Otiorhynchus sulcatus – black vine weevil

black vine weevil

Otiorhynchus sulcatus                   Family: Curculionidae
Common name: black vine weevil
Host plants: rhododendrons, azaleas, Kalmia, Euonymus spp., and other broad-leaved evergreens, as well as hemlock and Taxus (yew).
Adult size: about ½ inch (13 mm) long

Type: Pest

Life cycle: Generations per year: one in the Pacific Northwest
            Egg: 8 – 20 days
            Larva: 8 – 10 months
            Pupa: about 10 days
            Adult: about 6 – 7 months; some may overwinters

weevil pupa on backDescription & Life Cycle: This weevil overwinters in the soil as immature larvae. In early spring, when the larvae have reached their mature sixth instar stage at 0.4 – 0.6 inches (10 – 15 mm) long, they enter the pupating stage. They are white and have the rough outline of the adult weevil. This last roughly 10 days after which the adults emerge. This is usually from late May through June. Adult weevils require 3 – 4 weeks of active foliage feeding before they start laying eggs. As many as 500 eggs are laid in the soil around the base of host plants over a 2 – 3 week period. The legless white larvae with a brown head will hatch in 10 – 14 days and begin feeding on the plant roots. In the fall, when the temperatures start to decrease, the larvae will move deeper into the soil where they will overwinter.
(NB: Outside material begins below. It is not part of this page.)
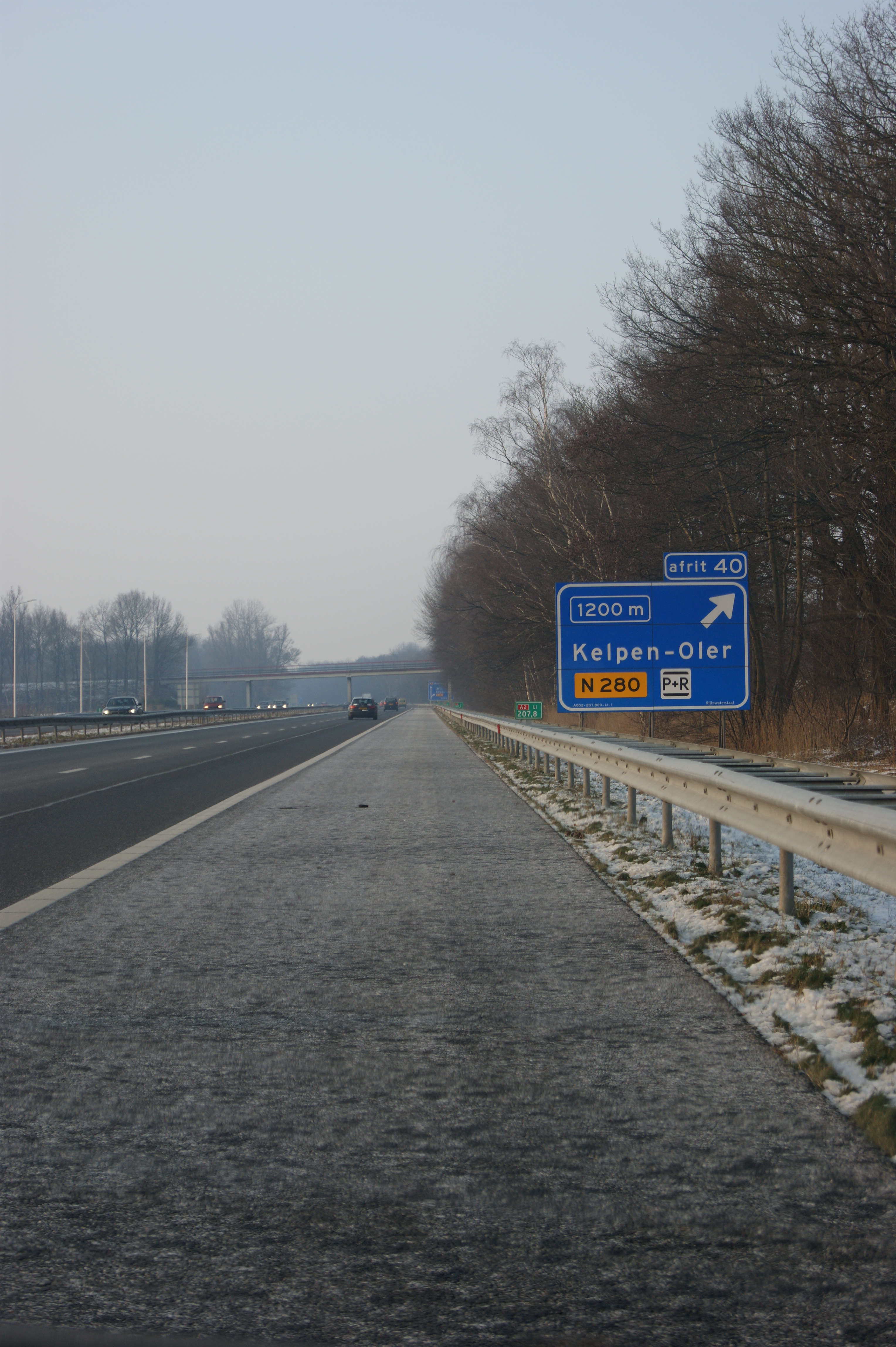 Exit Kelpen-Oler

Special Notes: Native to Europe, this weevil species was discovered and identified in Connecticut in 1910. Since that date, it has become widespread throughout North America.
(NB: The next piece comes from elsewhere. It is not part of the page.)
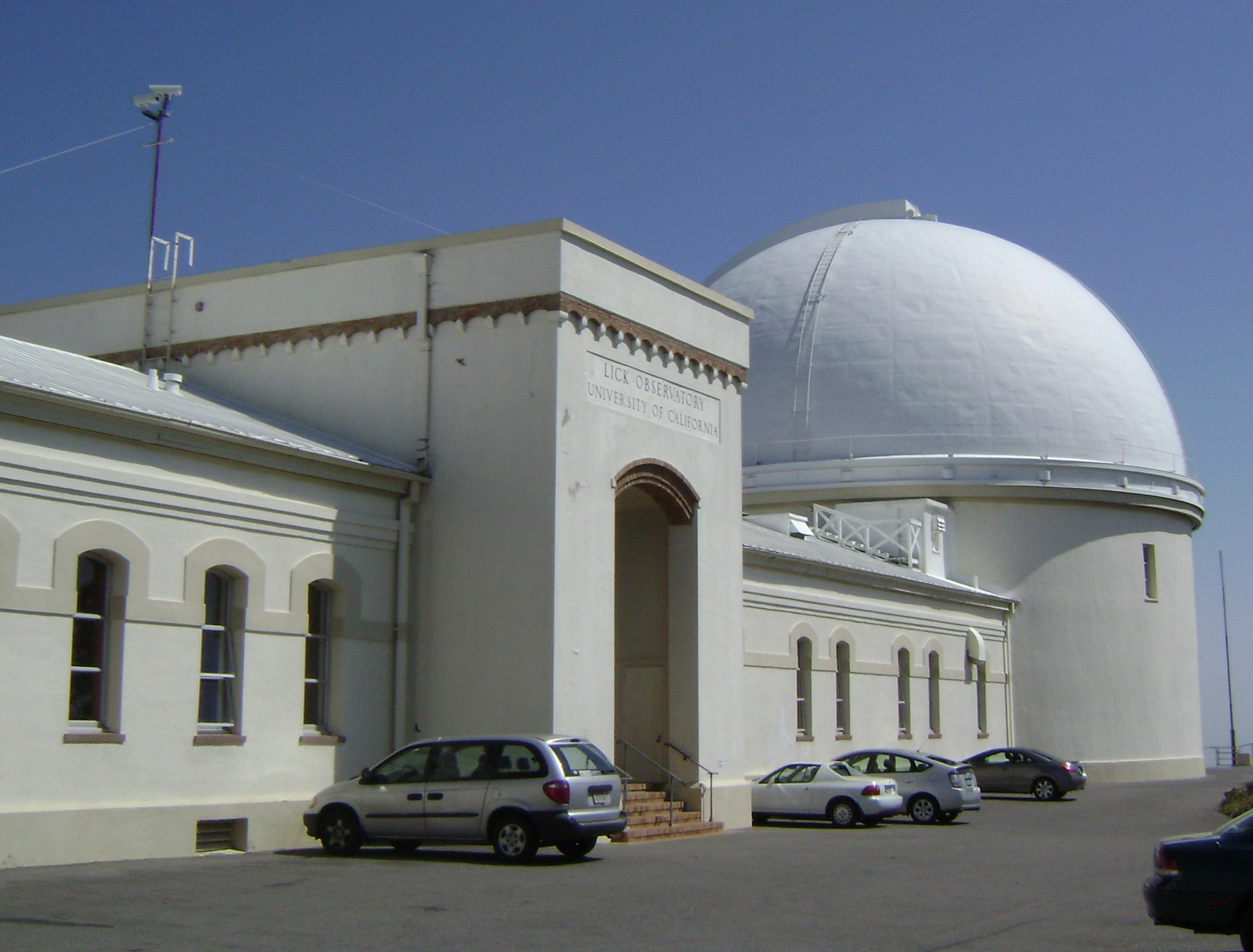 View of the Lick Observatory, the main building and the large dome housing the 36-inch James Lick telescope

It is interesting to note that only female adult weevils are produced in North America. They reproduce parthenogenically. Adults feed on host plant leaves during the night leaving a multitude of half-round notches along the edges of the leaves. In a particularly high weevil populated area of the garden, this can look quite unsightly on your targeted evergreen plants.

black vine weevilRemedial Action: There are some insect killing nematodes available which will control root weevils in their immature, larval stage. These are applied as a soil drench and best used when the soil temperatures are 12 °C (55 °F) or higher in late summer and early fall. Soil must be very wet at time of application and never in direct sunlight. The UV rays will quickly kill the beneficial nematodes.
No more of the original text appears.